* [EXERCISE BRIEF]
Below are the records; repeat exactly their lines between the line holding "Кронштейн ЖК 75" and the line holding "2020河北秦皇島開發(fā", inclusive, skipping the pictures.

* [Source records]

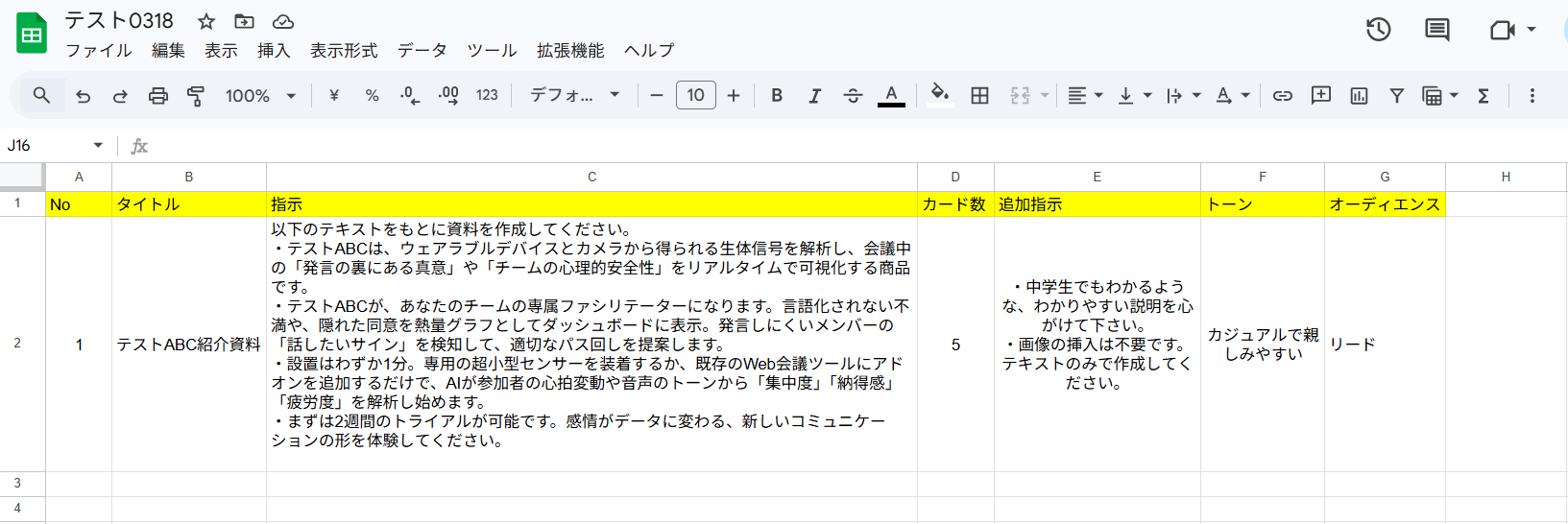 今回のフローで使用したいGoogle スプレッドシートの用意がまだの方は準備しましょう。 例として、架空の会社の商品についてリード客向けの資料を作成する想定で、以下のように作成しました!
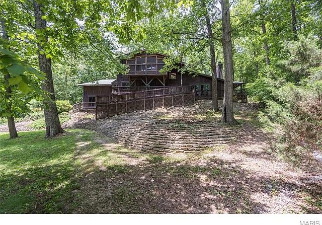 Unique, custom cedar home on 1.26 acres; surrounded by trees, privacy, & nature. 4 Bedrooms, 4 car heated oversized garage. New neutral carpet. Stone fireplace in living rm flanked by custom built-in bookcases w/hidden compartment for wood storage. Wood floor Dining Room. Custom kitchen with solid counters. Family rm, den, one BR & full bath also on Main Lvl. Master BR has private screened balcony w/skylight. Luxury bath with Jacuzzi soaking tub and separate shower. Bonus rm above garage is accessible through home for potential 5th BR, or outside entrance makes it perfect for a home office! Wheelchair access to front door. Extensive landscaping with stacked rock walls creates large planter beds filled with mature perennial plants & flowers. Steps from the Katy Trail, this home is close-in to amenities & hwys but has the feeling of a secluded retreat. If you are looking for a year round vacation home with character, this could be love at first sight!
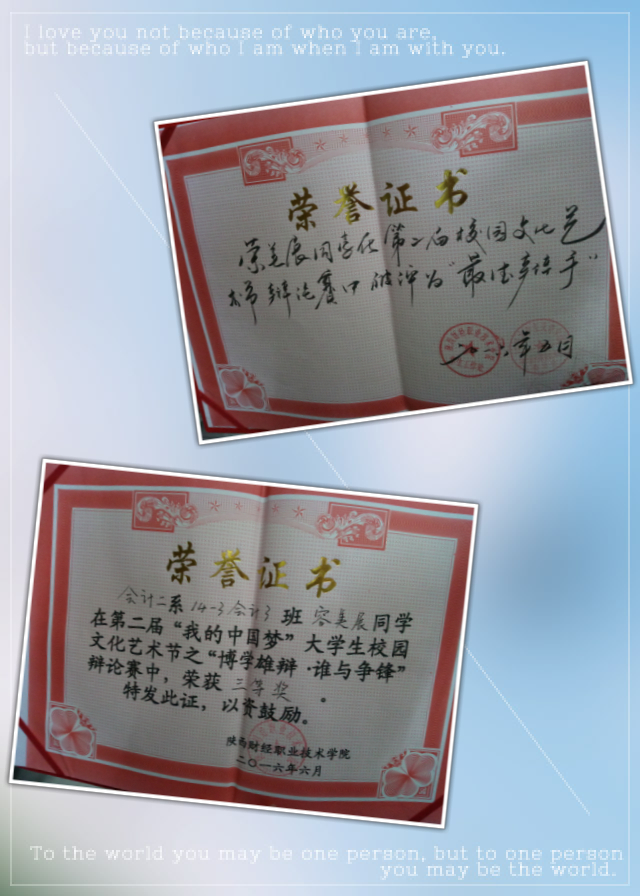 我系2014级会计三班团支部积极参与学院及系部组织的各项活动,长期坚持开展团日活动,结合学院育人理念及本班实际,开展“诚信在我身边”,“珍惜时间、把握青春”,“孝敬父母、学会感恩”,“告别陋习、走向文明”等多项主题班会,进一步提高了学生知恩、感恩、报恩的社会责任感。通过开展学习讨论会及辩论会,提高了同学们的学习兴趣提升了学习效率。2014级会计专业423名学生,年级综合排名前十,该班独占五席;有86.9%的同学分别了取得会计从业资格证、英语AB级证、计算机等级证;有4名同学顺利考过初级会计;该班熊裕宁、容美展、张莎、董明明、席丹同学大一期间在学院组织的会计知识竞赛中,荣获团体一等奖以及个人一、三等奖;容美展同学在2014-2015学年会计专业成绩排名全年级第一,获得国家奖学金,并在大一期间代表学院参加了陕西省职业技术教育学会组织的会计知识竞赛,获得了团体一等奖和个人二等奖;在我院第二届大学生校园文化艺术节之“博学雄辩,谁与争锋”辩论赛中,该团支部4名同学组成会计二系代表队参加比赛并荣获三等奖;该团支部成员编导并表演的《说唱脸谱》、《汉舞风华》、《春之声》节目在我院第二届大学生校园文化艺术节中获得“最佳魅力奖”。此外,该团支部成员积极参加我院“聚善”青年志愿者服务协会组织的“文明出行交通劝导”、“特别的爱给特别的你——关爱视障儿童”、“有一天我们也会老——夕阳红敬老献爱心”等多项校内外公益志愿服务活动。
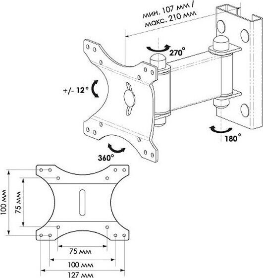 Кронштейн ЖК 75 предназначен для крепления на стену LCD, LED, ЖК телевизора с диагональю экрана 15" -23" (38 см – 58,4 см). Тип: наклонно - поворотный, с вращением и частичным складывание (угол +/- 12°, поворот +/-180°). Стандарт VESA: 75*75, 100*100, 100*127. Нагрузка макс: 25 кг.
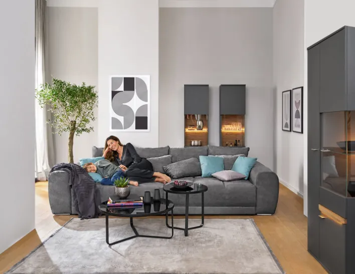 Die graue Vitrine CHARLOTTE mit einer Breite von 80 cm besticht mit einem modernen Design und bietet viel Stauraum. Durch die in Balkeneiche abgesetzte Rückwand strahlt sie trotz stylischem Look Natürlichkeit aus.
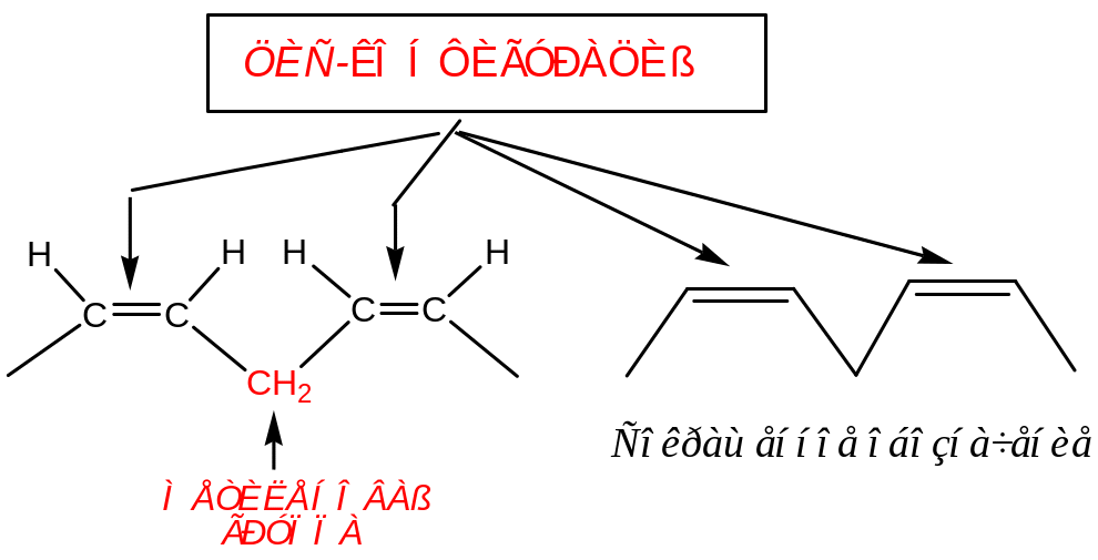 5. Если двойных связей несколько, они отделены друг от друга метиленовой группой. Все они могут быть представлены общей формулой: СН3(СН2)m(СН=СНСН2)n(СН2)kСООН
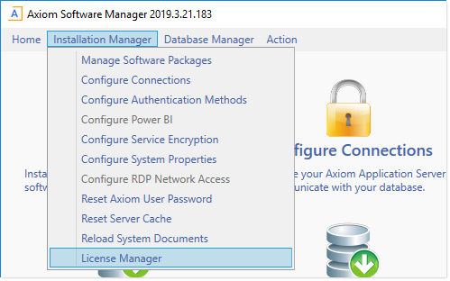 If needed, you can use the Axiom Software Manager on the Axiom Application Server to update the license file. This activity requires administrative permissions on the server, and is typically performed by your Information Technology department. You will need to provide your IT department with the license file provided to you by Kaufman Hall Software Support.
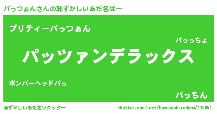 | ヘコむあだ名 | 『パっふぇ~』『パっつぁん(震え声)』 |
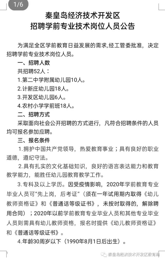 2020河北秦皇島開發(fā)區(qū)招聘學(xué)前專業(yè)技術(shù)崗位人員公告【52人】
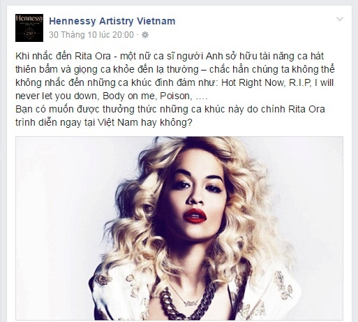 Hôm 30/10, trang fanpage của H-Artistry Việt Nam xuất hiện thông tin úp mở nữ ca sĩ Rita Ora trình diễn tại Việt Nam. "Khi nhắc đến Rita Ora - nữ ca sĩ người Anh sở hữu tài năng ca hát thiên bẩm với giọng ca khỏe khoắn – chắc hẳn chúng ta không thể không nhắc đến những ca khúc đình đám như: Hot Right Now, R.I.P, Body on me…. Bạn có muốn được thưởng thức những ca khúc này do chính Rita Ora trình diễn ngay tại Việt Nam hay không?".
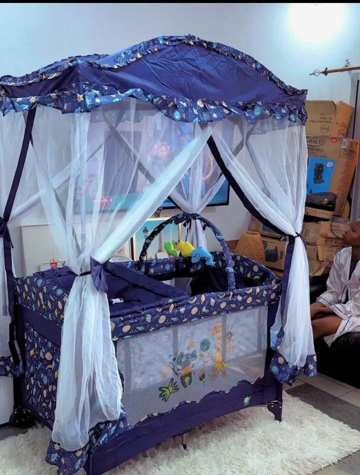 Lit de bébé confortable et sécurisé avec moustiquaire et baldaquin pour un sommeil paisible. Facile à monter et à nettoyer, parfait pour les parents à la recherche de confort et de sécurité pour leur bébé.
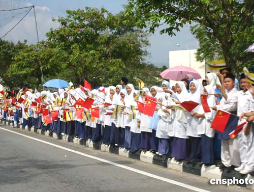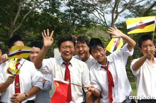 4月20日,文萊中學(xué)生王宮外列隊(duì)歡迎中國國家主席胡錦濤到訪。作者:李靜
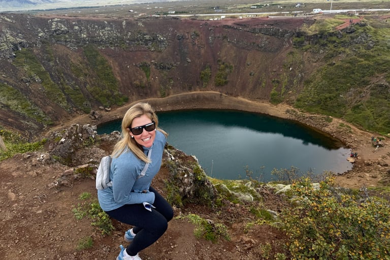 One of the first stops on our Golden Circle drive was Kerið Crater, a volcanic crater lake that’s as colorful as it is unique. Unlike some of Iceland’s other stark black lava fields, Kerið is painted in shades of deep red and burnt orange, with green moss clinging to the slopes and a bright turquoise lake at the bottom. The contrast is striking, and on a sunny day, it looks almost surreal.
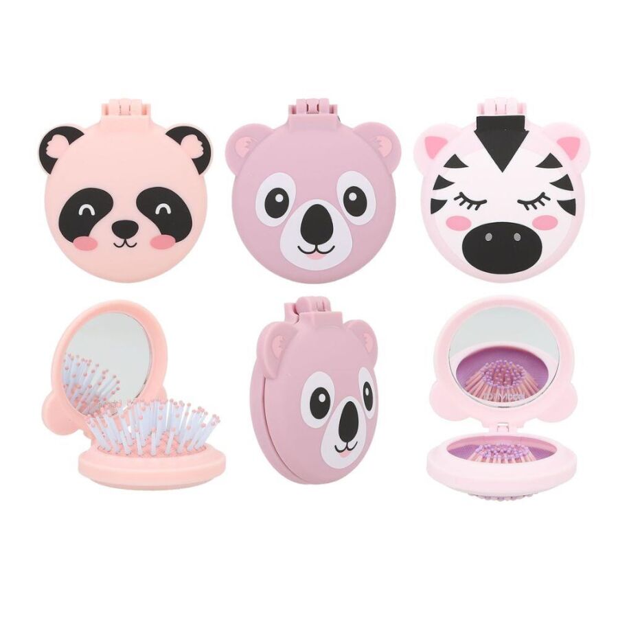 Üç farklı tasarıma sahip bu katlanabilir saç fırçaları, sevimliliğiyle göz kamaştırıyor. Mor renkli ayı yüzü ve kulakları, şeftali rengi panda yüzü ve kulakları ve pembe zebra yüzü ve kulaklarıyla çok şirin. Aynalı iç kısım ve kauçuk dış yüzeyiyle hem şık hem de dokusu oldukça yumuşak bir his sağlıyor.
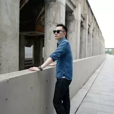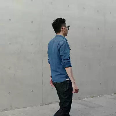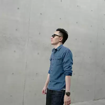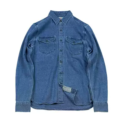 Brook BF original retro denim INDIGO INDIGO shirt men's long-sleeved American tooling made old Ami kachi
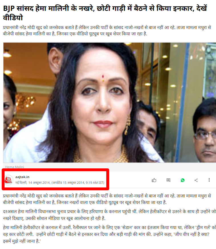 चुनाव प्रचार के लिए मथुरा पहुँची हेमा मालिनी द्वारा हेलीकॉप्टर से उतर कर छोटी गाड़ी में बैठने से इनकार कर देने के नाम पर शेयर किए जा रहे इस वीडियो की पड़ताल के लिए हमने “हेमा मालिनी ने हेलीकॉप्टर से उतर कर छोटी गाड़ी में बैठने से इनकार किया” कीवर्ड्स को गूगल पर ढूंढा. इस प्रक्रिया में हमें यह जानकारी मिली कि यह घटना साल 2014 की है.
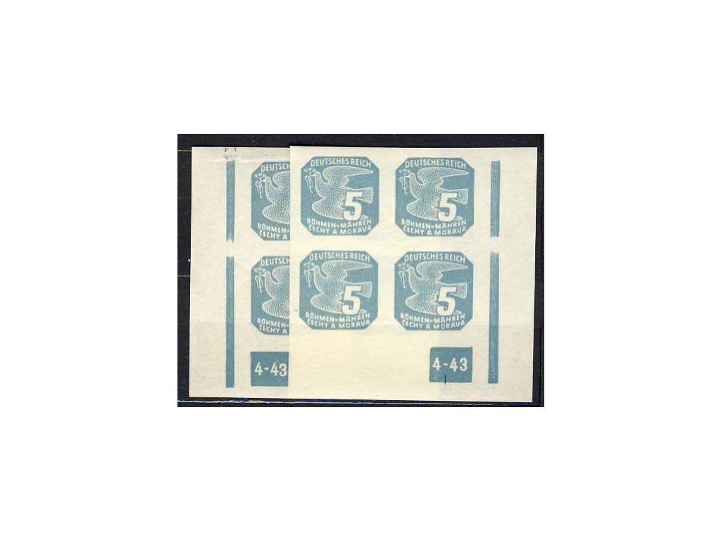 1943, 5h modrá, 2krát rohový čtyřblok s DČ 17-43, Nr.NV.11, **
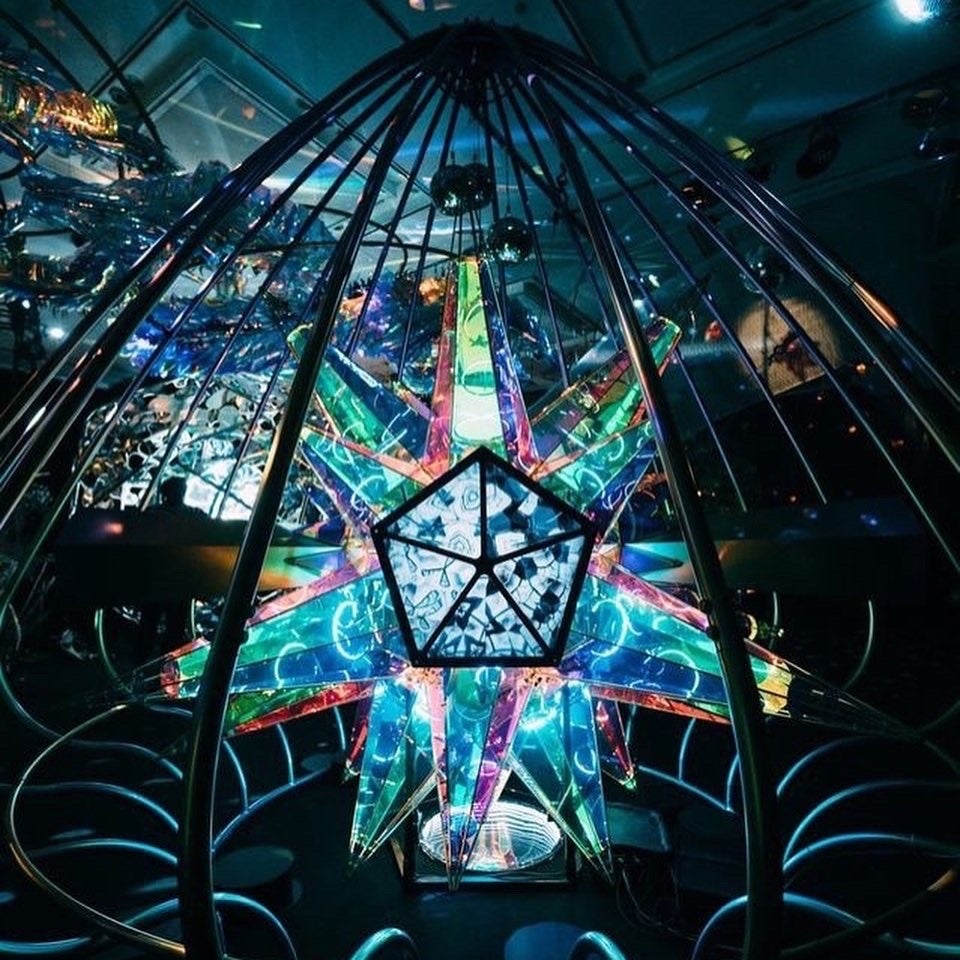 光の反射を用い、七変化する日本古来のイリュージョンである万華鏡を色とりどりの観賞魚をメインに日本の鏡玉集団である、ミラーボーラーズと創り上げた空間に多種多様なビジュアルディレクションを繰り広げる苦虫ツヨシの絵画で圧倒的な異空間に誘うコラボ作品。
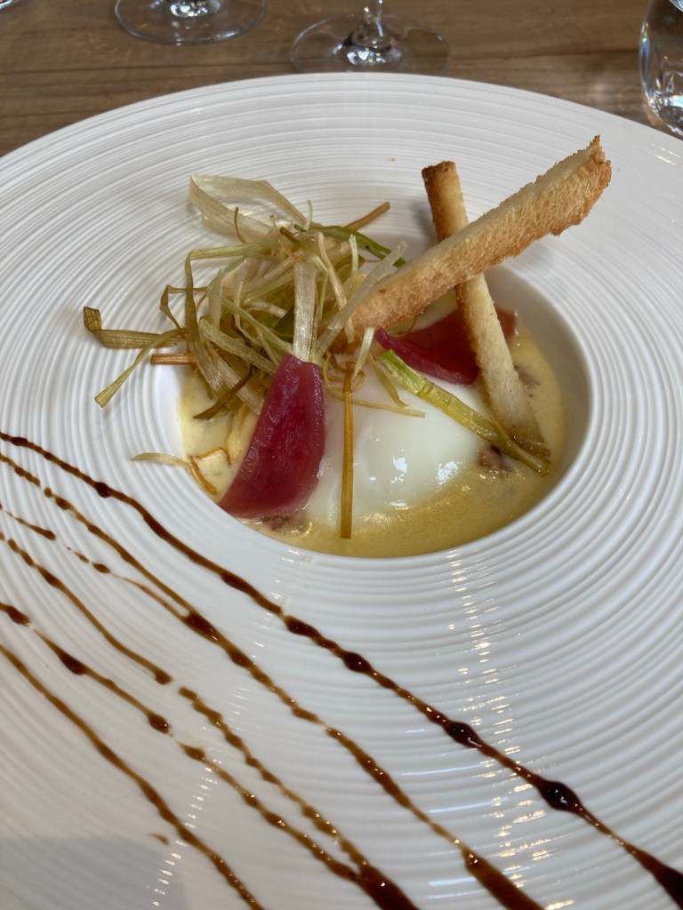 We have gone out to Le Bistrot St Julien, it remains our favorite in the area. We also went to Auberge de la Source, another of the places we like, in fact it seems we rarely go anyplace else. The entree, a basted egg in a camembert sauce with bits of andoulette, was stunning.

* [TASK RESPONSE]
 Кронштейн ЖК 75 предназначен для крепления на стену LCD, LED, ЖК телевизора с диагональю экрана 15" -23" (38 см – 58,4 см). Тип: наклонно - поворотный, с вращением и частичным складывание (угол +/- 12°, поворот +/-180°). Стандарт VESA: 75*75, 100*100, 100*127. Нагрузка макс: 25 кг.
 Die graue Vitrine CHARLOTTE mit einer Breite von 80 cm besticht mit einem modernen Design und bietet viel Stauraum. Durch die in Balkeneiche abgesetzte Rückwand strahlt sie trotz stylischem Look Natürlichkeit aus.
 5. Если двойных связей несколько, они отделены друг от друга метиленовой группой. Все они могут быть представлены общей формулой: СН3(СН2)m(СН=СНСН2)n(СН2)kСООН
 If needed, you can use the Axiom Software Manager on the Axiom Application Server to update the license file. This activity requires administrative permissions on the server, and is typically performed by your Information Technology department. You will need to provide your IT department with the license file provided to you by Kaufman Hall Software Support.
 | ヘコむあだ名 | 『パっふぇ~』『パっつぁん(震え声)』 |
 2020河北秦皇島開發(fā)區(qū)招聘學(xué)前專業(yè)技術(shù)崗位人員公告【52人】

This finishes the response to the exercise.